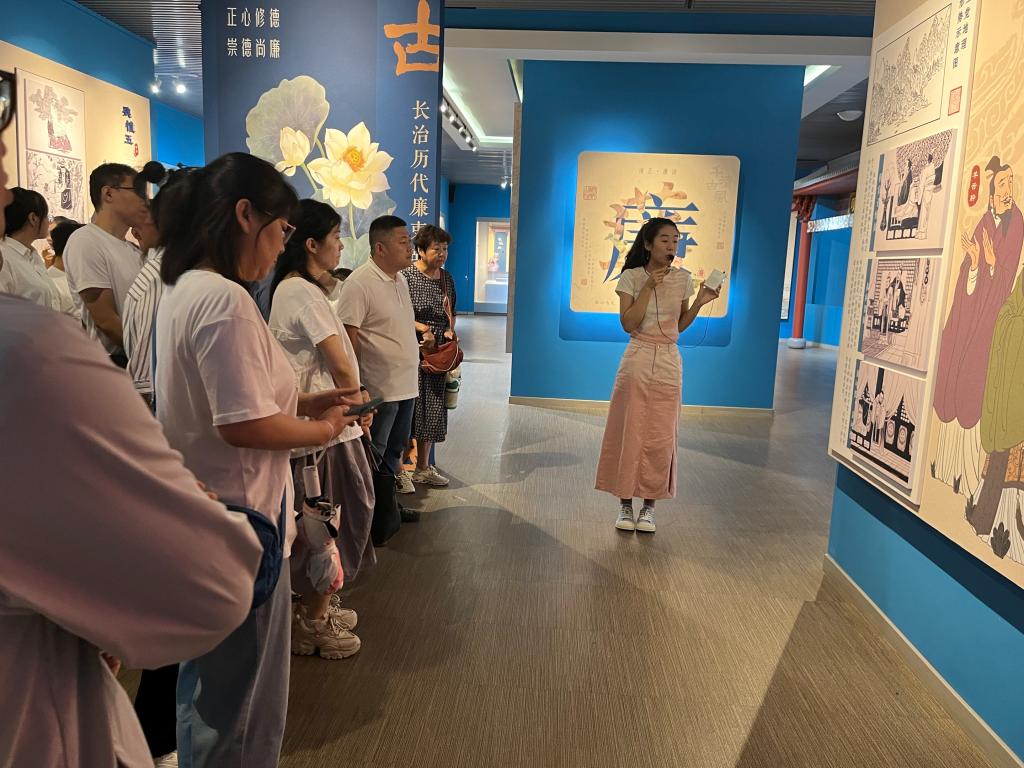 千古清风——长治历代廉吏故事展厅采用形象生动的传统插画形式,展示了春秋、汉、元、明、清五朝的18位长治本土廉吏的生平和故事。在讲解员的讲解下,师生们沉浸式“听清音、察廉吏”,进一步了解了几代长治廉史正心明道、怀德自重的廉洁人生。
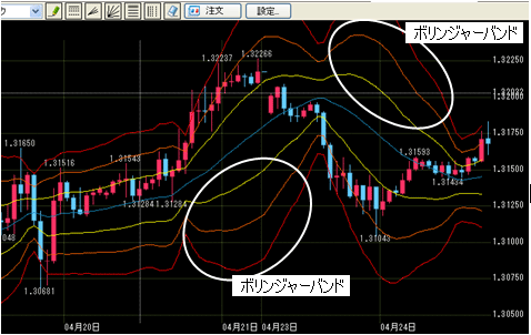 (2)「ボリンジャーバンド」が-2σ付近で反発したら買い、+2σ付近で反落したら売り。中立ゾーンまで達したら利益を確定する。
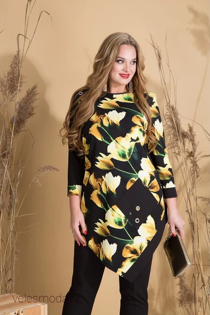 Комфортная туника из трикотажного полотна с ярким принтом. Модель свободного силуэта с фигурной линией низа. Округлый вырез горловины дополняет ассиметричная кокетка и накладной карман из отделочной. Рукав втачной, длиной ¾-ти с манжетом. По низу притачана планка из отделочной ткани. Спинка прямая, с ассиметричным низом. С боку расположен разрез для свободы движения! Оригинальный и свободный крой органично воплощают непринуждённый стиль casual с легким налетом романтичности. Отлично сочетается с джинсами, укороченными брючками и леггинсами! Длина по спинке – 66 (92 длинный край).
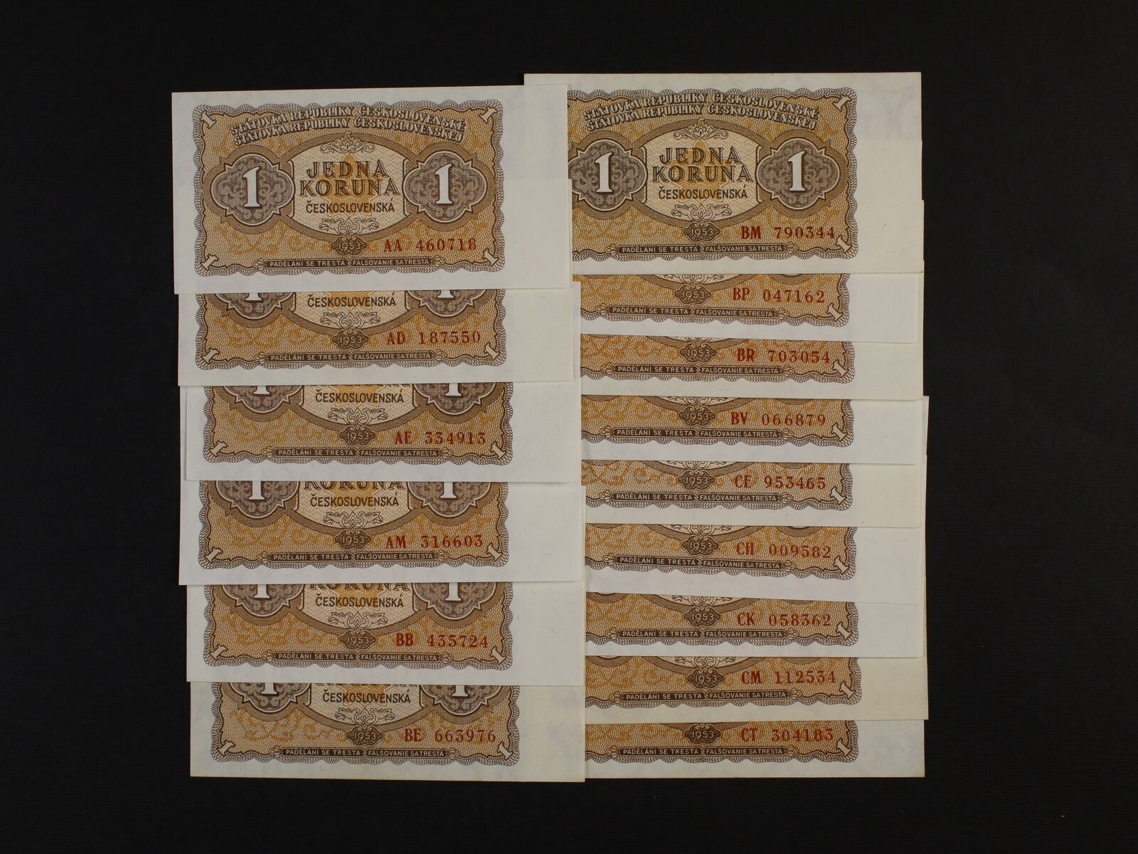 1 Kčs 1953 Goznak Moskva série AA, AD, AE, AM, BB, BE, BM, BP, BR, BV, CE, CH, CK, CM, CT, Ba. 86a, Pi. 78, 15 kusů
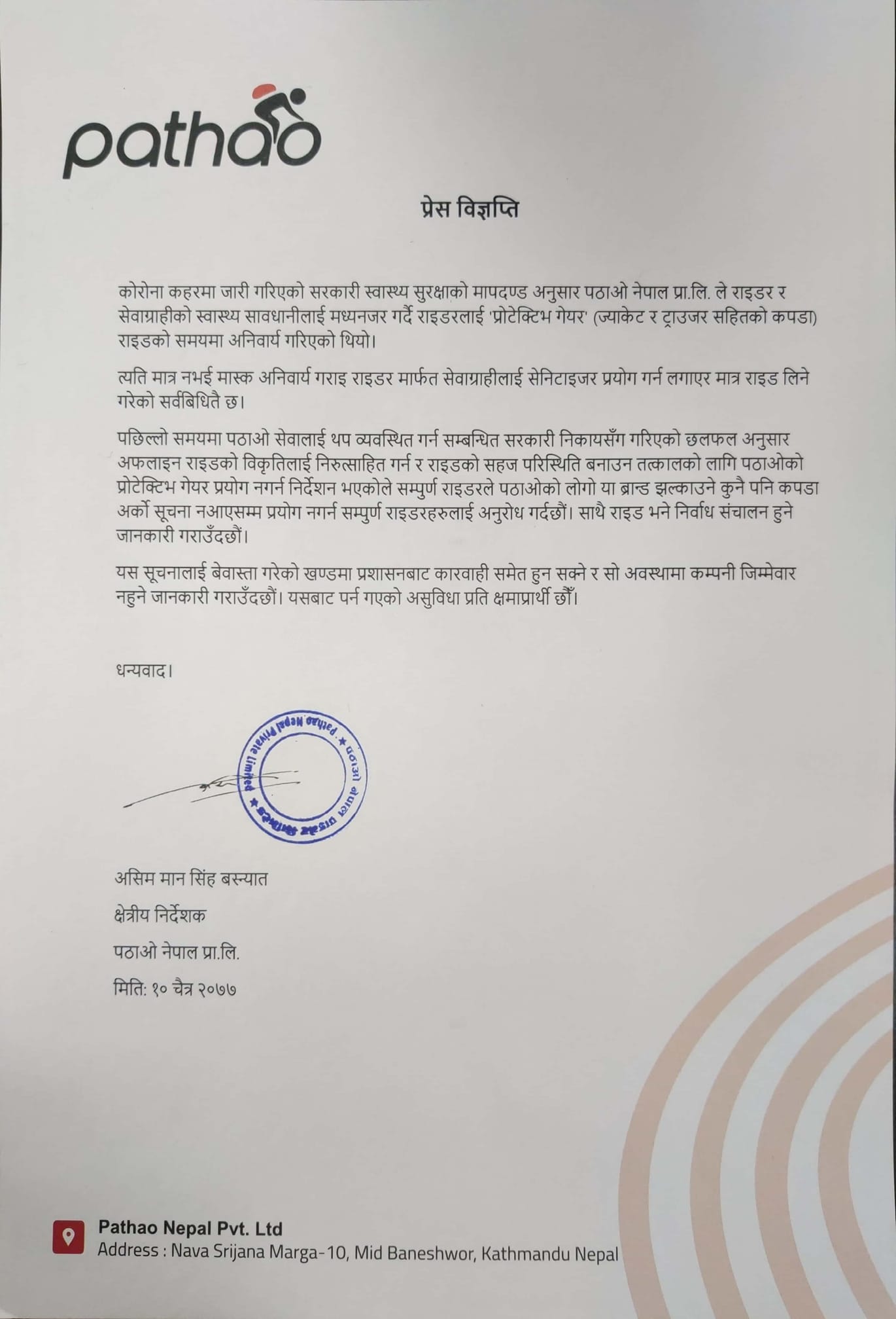 Issuing a statement issued on Tuesday, Asim Man Singh Basnyat, Regional Director of Pathao, said that as per the discussion held with the concerned agencies to manage their services, discourage offline rides, and create a comfortable environment for the ride sharing service, Pathao riders had been directed not to wear their uniform.
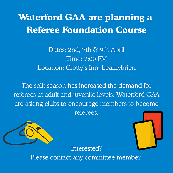 Waterford GAA are planning a Referee Foundation Course
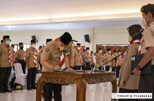 Pesawaran ( Mediamerdeka)— Ketua Kwartir Daerah Pramuka Lampung Chusnunia Chalim melantik pengurus Majelis Pembimbing Cabang (Mabicab) Gerakan Pramuka Pesawaran Masa Bakti 2021-2026, di GSG Pemkab Pesawaran, Kamis (24/3/2021). Pelantikan ini berdasarkan Surat Keputusan Kwartir Daerah Gerakan Pramuka Lampung Nomor 153 Tahun 2021 tentang Susunan Pengurus Majelis Pembimbing Cabang (Mabicab), Kwarcab, …
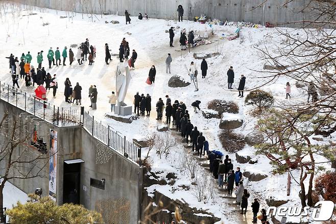 (양평=뉴스1) 황기선 기자 = 10일 오후 경기 양평 하이패밀리 안데르센 공원묘원에서 시민들이 양부모의 학대로 숨진 16개월 영아 정인(가명)양을 추모하기 위해 줄을 서 있다. 2021.1.10/뉴스1
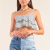Blue Satin Scoop Neck Smocked Back Crop Top
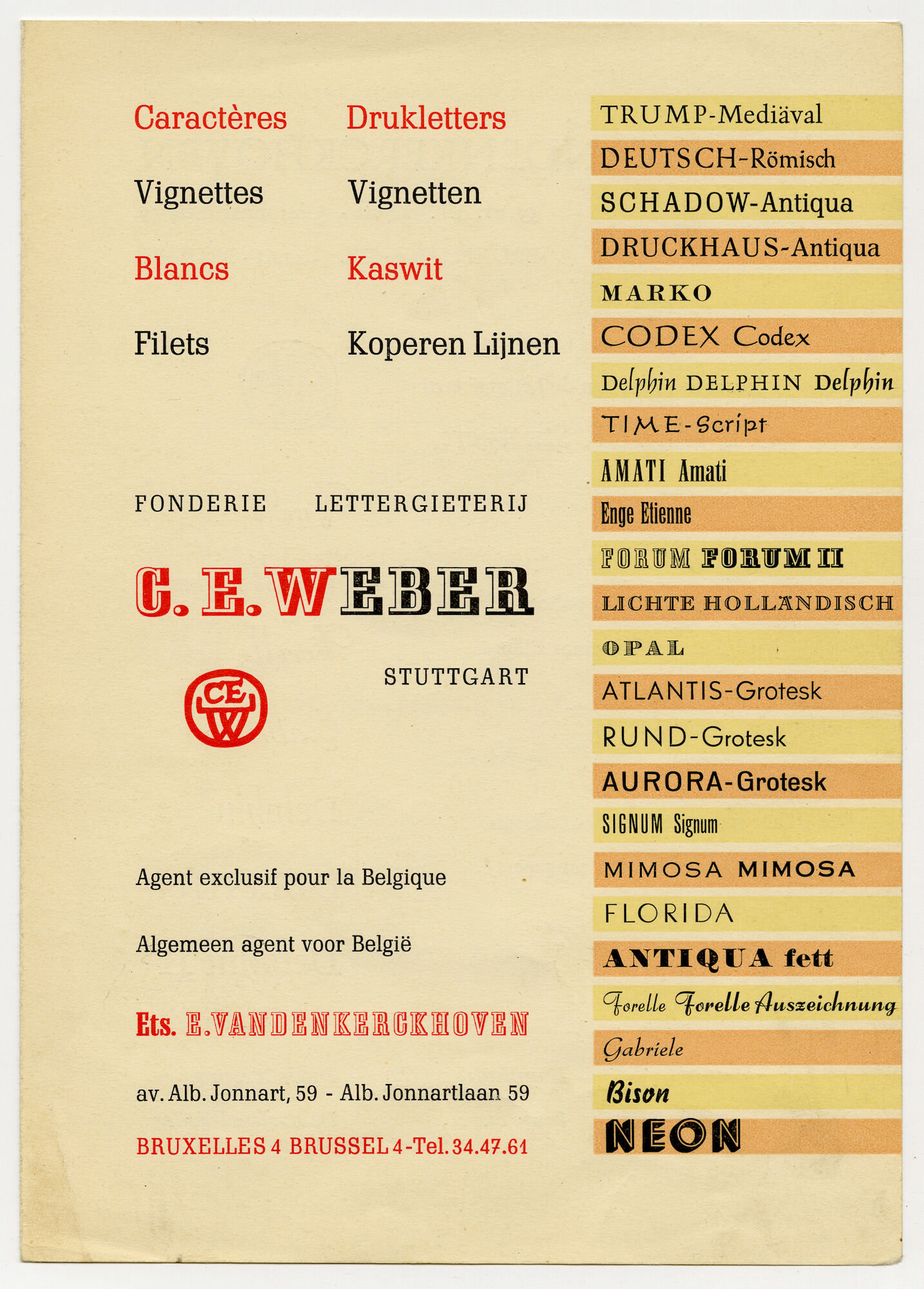 - opschriften: Caractères Drukletters / Vignettes Vignetten / Blancs Kaswit / Filets Koperen Lijnen / Fonderie Lettergieterij C.E. Weber Stuttgart / Algemeen agent voor België Ets. E. Vandenkerckhoven / Alb. Jonnartlaan 59, Brussel 4 - Tel. 34.47.61
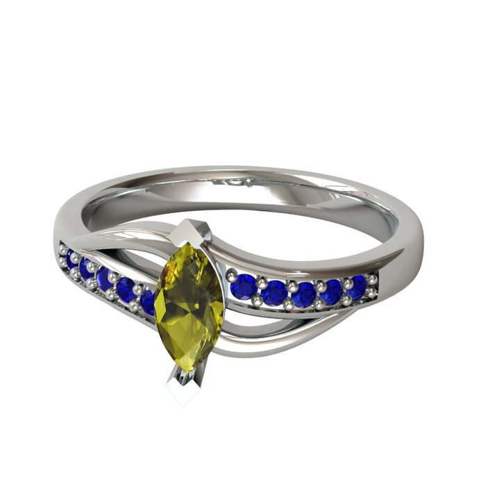 Peridot ve lab safir 14 ayar beyaz altın yüzük
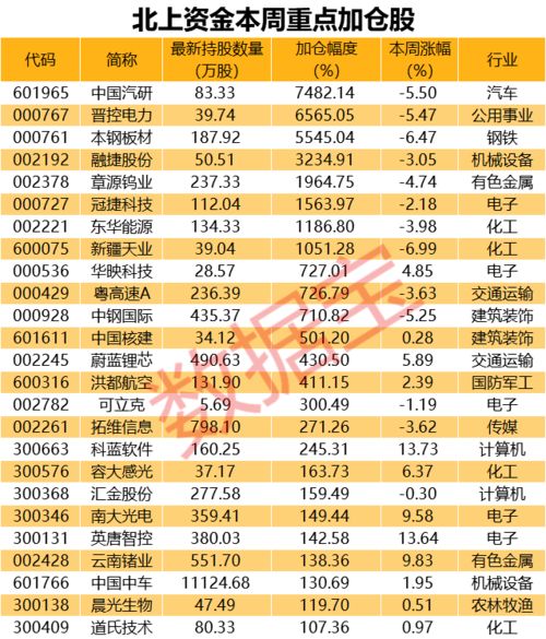 北上资金加仓的背后是对经济复苏的信心以及对潜力股的深入分析。连续周买入表明资金对市场的长期看好,可能促使股价上涨。
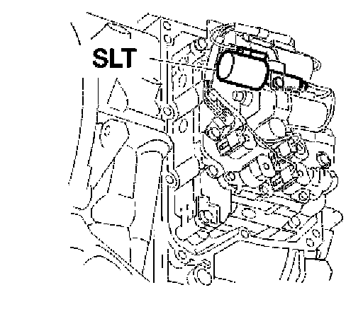 The line pressure solenoid, SLT is in the transmission control system, which is mounted on the front edge of the transmission. The line pressure solenoid, SLT consists of an electric coil which controls a hydraulic valve. The solenoid is controlled by pulse width modulation (PWM) voltage and is grounded via the control module. The solenoid is linear. The hydraulic valve is controlled by the varied current which is the result of the current pulse conditions. During high pulse conditions, (at high currents (approximately 1 A)) the line pressure is low. During low pulse conditions (at low currents) the line pressure is high. The solenoid also engages and disengages neutral control. In the event of an open-circuit the line pressure reaches maximum which causes hard shifting. The hydraulic valve is then completely open.
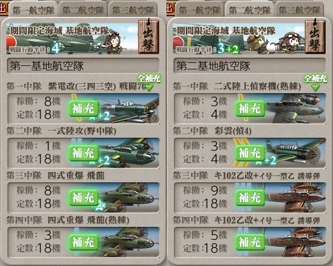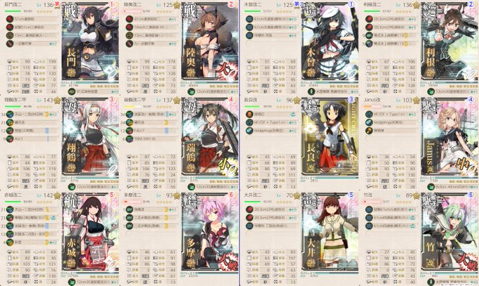 e3-3甲編成です ぜかましさん編成で 噴式2積みで手数を増やして、道中支援と全キラで道中無理やり抜けますw 長良とジェーナスは対潜と夜戦補助、利根と大井っち(サブ)は連撃でよかったのかな? 基地は特効を出来るだけ入れたけど、まあ死ぬ 本体も基地も熟練付け、なしw #艦これ #e3-3
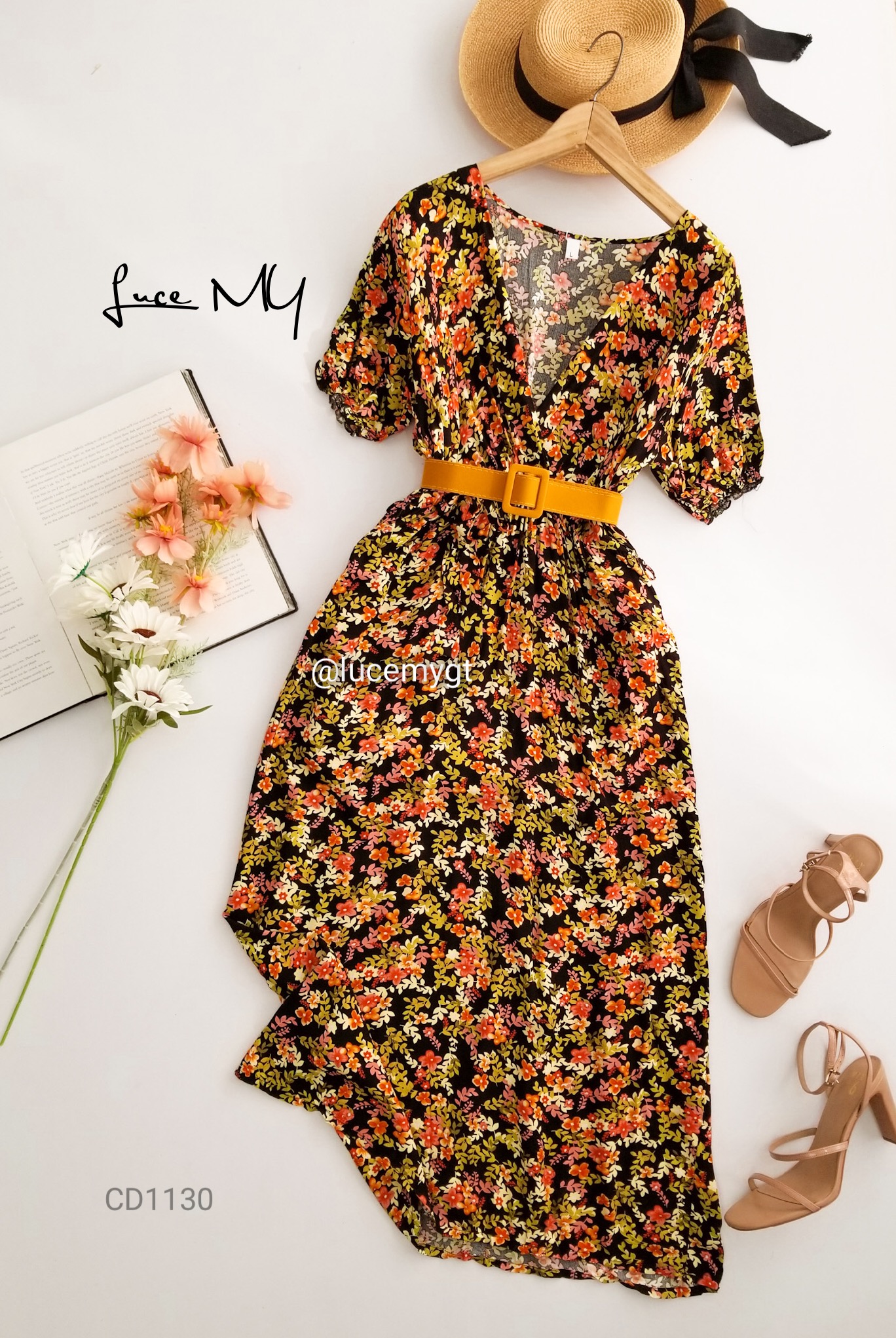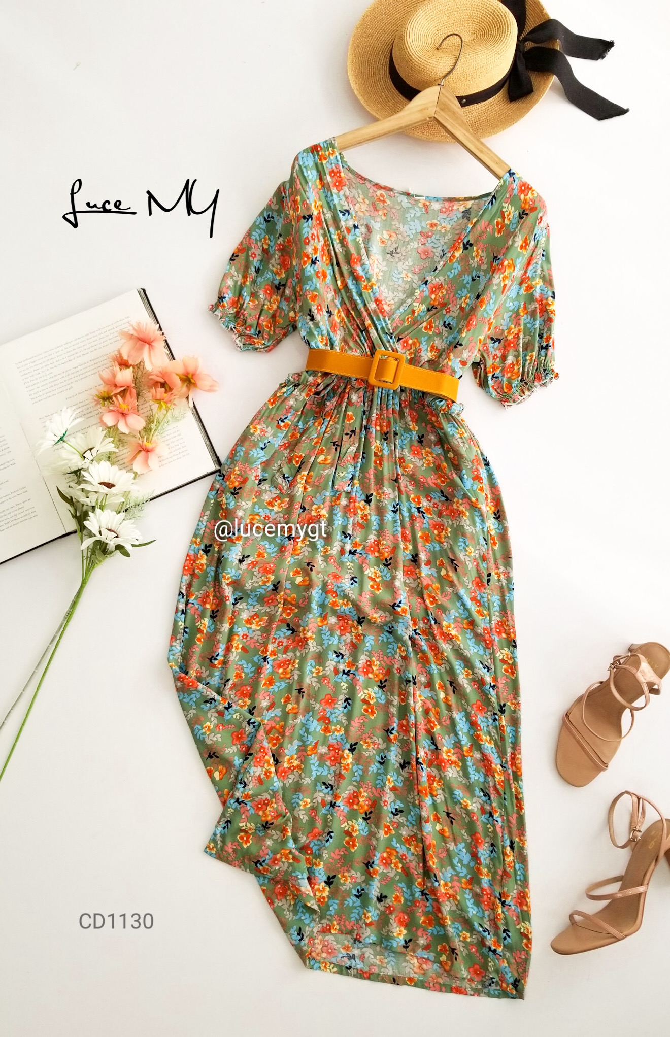 Descripción: Maxi Vestido Floral, cuello V traslape, manga corta, elástico en la cintura, incluye su cincho de la misma tela. Promoción si llevas dos vestidos a solo por Q200.00
========
ABOUT THIS TASK:
Using the listing above, set down exactly each line from the one containing "Peridot ve lab" through the final line, and leave out pictures.

RESULT FOR THIS EXERCISE:
 Peridot ve lab safir 14 ayar beyaz altın yüzük
 北上资金加仓的背后是对经济复苏的信心以及对潜力股的深入分析。连续周买入表明资金对市场的长期看好,可能促使股价上涨。
 The line pressure solenoid, SLT is in the transmission control system, which is mounted on the front edge of the transmission. The line pressure solenoid, SLT consists of an electric coil which controls a hydraulic valve. The solenoid is controlled by pulse width modulation (PWM) voltage and is grounded via the control module. The solenoid is linear. The hydraulic valve is controlled by the varied current which is the result of the current pulse conditions. During high pulse conditions, (at high currents (approximately 1 A)) the line pressure is low. During low pulse conditions (at low currents) the line pressure is high. The solenoid also engages and disengages neutral control. In the event of an open-circuit the line pressure reaches maximum which causes hard shifting. The hydraulic valve is then completely open.
 e3-3甲編成です ぜかましさん編成で 噴式2積みで手数を増やして、道中支援と全キラで道中無理やり抜けますw 長良とジェーナスは対潜と夜戦補助、利根と大井っち(サブ)は連撃でよかったのかな? 基地は特効を出来るだけ入れたけど、まあ死ぬ 本体も基地も熟練付け、なしw #艦これ #e3-3
 Descripción: Maxi Vestido Floral, cuello V traslape, manga corta, elástico en la cintura, incluye su cincho de la misma tela. Promoción si llevas dos vestidos a solo por Q200.00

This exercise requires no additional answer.